MaxCompute Migration Service (MMS) migrates data from various data sources to MaxCompute. It integrates with the MaxCompute Spark engine to simplify large-scale data migration from self-managed data sources, which reduces configuration complexity and operations and maintenance (O&M) costs.
Overview
Architecture
MaxCompute Migration Service (MMS) migrates both metadata and data.
Metadata migration: MMS retrieves metadata from the data source using metadata APIs, such as Hive Metastore SDK and DataBricks SDK. It then generates MaxCompute Data Definition Language (DDL) statements and executes them in MaxCompute to complete the metadata migration.
Data migration: After the metadata is synchronized, MMS generates and submits one or more Spark jobs that run on MaxCompute based on the migration job configuration. These Spark jobs pull data from the data source and write it to the target tables in MaxCompute. This process is managed by the MMS service, which eliminates the need for Spark job development and O&M.
Migration flow
The following figure illustrates the workflow of MaxCompute Migration Service (MMS). The process includes the following core steps:
Load metadata: After you create a migration job, MMS connects to the external data source to read and load the metadata, such as table schemas and partition information. MMS then stores the metadata in its own database for later use.
Create a migration job: MMS supports three types of migration jobs: full database migration, partial table migration, and partial partition migration. Each migration job is split into multiple subtasks that run concurrently to migrate data.
Transfer data and metadata: Each concurrent subtask independently pulls data from the data source. It first creates the corresponding target table or partition in the destination project and then writes the data.
Verify data (Optional): After the data is migrated, MMS can perform a data verification step. It verifies data integrity by comparing the number of rows in the source and destination tables or partitions.
Glossary
Data source
The object to be migrated, such as one or more Hive databases. Different data sources have different data layers. MMS maps the data layers of different data sources to three layers: Database, Schema, and Table. The schema is a property of the table. The following table describes the data layers.
Data source
Data layer
Hive
Database.TableMaxCompute
Project.Schema.TableorProject.TableThe following table lists the data retrieval APIs used by different data sources:
Data source type
Data retrieval API
MaxCompute
Storage API
SQL
BigQuery
Storage Read API
Hive
HDFS or S3
Databricks
Azure Blob Storage
Databricks JDBC
Migration job
A migration job defines the objects to be migrated, which can be a database, multiple tables, or multiple partitions.
Migration task
After you select the objects to migrate and submit the migration job, MMS splits the job into multiple independent migration tasks based on the configuration. A migration task is the actual unit of execution. The task types include Spark and SQL jobs. Each task can correspond to a non-partitioned table or multiple partitions of a partitioned table. The task execution process includes metadata migration, data migration, and data verification.
Data verification
After data migration is complete, MMS performs verification to ensure data consistency. The verification method involves executing
SELECT COUNT(*)on both the source and destination to compare the number of rows in a table or partition. This verifies data integrity. The verification results are recorded in the task logs.
Migration steps
Step 1: Complete the prerequisites before you use MaxCompute Migration Service (MMS).

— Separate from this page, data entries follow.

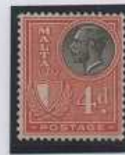
Black & paler red.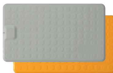
CareMat® TRXB as a door mat, 70 x 40 cm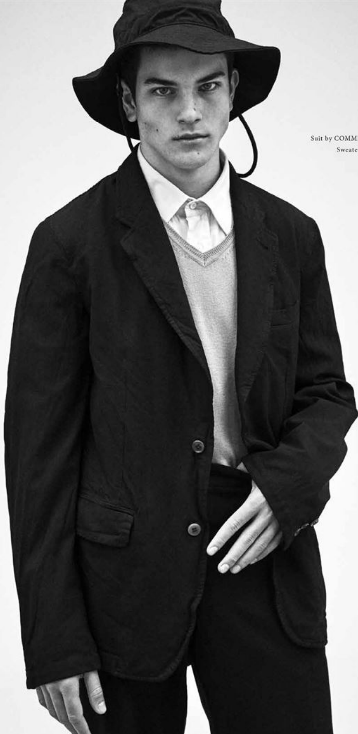
Suit by COMME DES GARCONS Shirt by PRADA Sweater by SLAZENGER Hat by ZARA

Step 2: Prepare the data source that you want to migrate. For more information about how to configure different data sources, see Manage the data source.
Step 3: Create and run a migration job.
Step 4: Use the migration monitoring feature in MMS to view the progress and speed of the migration job.
FAQ
What fees are incurred when I use MMS for data migration?

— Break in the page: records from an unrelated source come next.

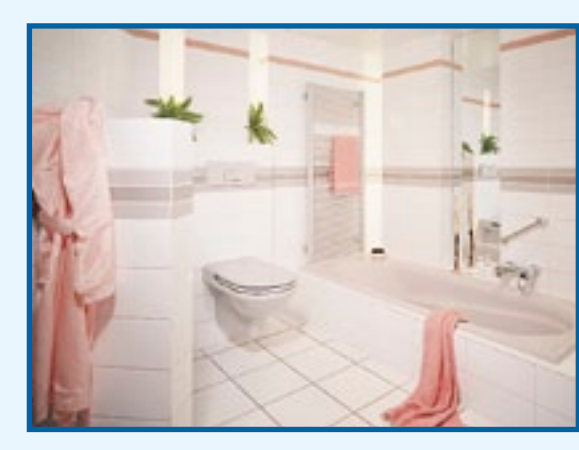
Application in bathrooms.

Besides the nail and screwbearing type of wall VP35, which has been around for years, FAAY offers the type GP22 as an alternative for situations where one must save on space or weight. Both wall types are very suitable for renovation projects, and projects where the sound insulation of existing (wall) constructions must be improved. To improve the thermal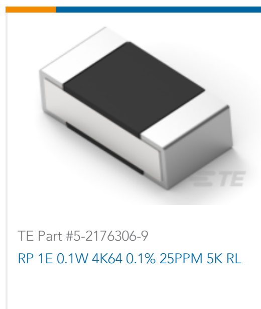
TE Part #5-2176306-9 RP 1E 0.1W 4K64 0.1% 25PPM 5K RL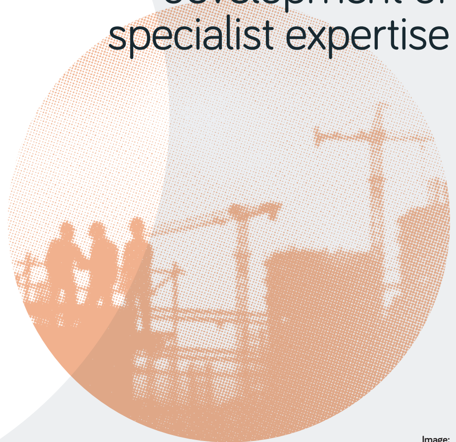
Image: Many architects develop specialisms within design and construction.

Breadth and flexibility to facilitate the development of specialist expertise

MaxCompute Migration Service (MMS) is free of charge. The following fees are incurred during data migration:
Computing resource fees at the destination: MMS submits Spark or SQL jobs in a MaxCompute project to perform data migration. These jobs consume MaxCompute computing units (CUs) and are billed based on MaxCompute billing standards. The supported billing methods are pay-as-you-go and subscription.

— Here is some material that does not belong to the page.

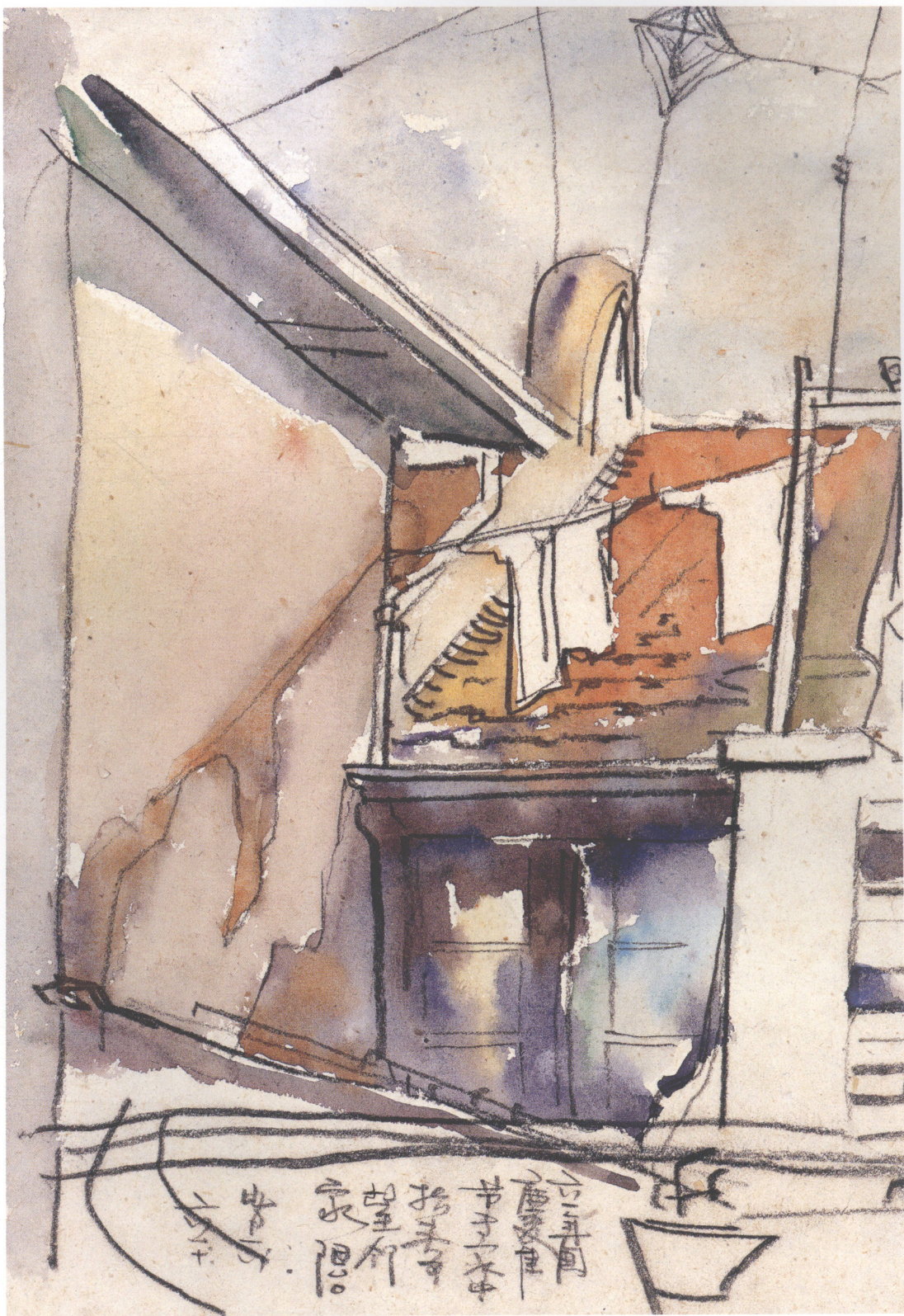
老宅 碳笔淡彩 (1961)

消逝的老宅，永久的回忆。我长期居住在石库门老宅，是单开间二层楼加亭子间的旧式里弄，原应一户独用，后为三户合用。此画为南窗即景，图中窗扇是南北穿堂风的关键，右侧为亭子间上的北晒台。

Network traffic fees: Network connections are required during data migration, which incurs network traffic fees.
Data read fees at the source: During data migration, MMS calls the data retrieval APIs of the source to read data. This may incur data read fees from the source, based on its billing rules.
How do I choose between MMS and DataWorks Data Integration for data migration?
MMS: MMS is suitable for one-time, large-batch data migration.
DataWorks Data Integration: This service is suitable for scheduled and continuous data synchronization and integration. It also supports a wide range of data sources.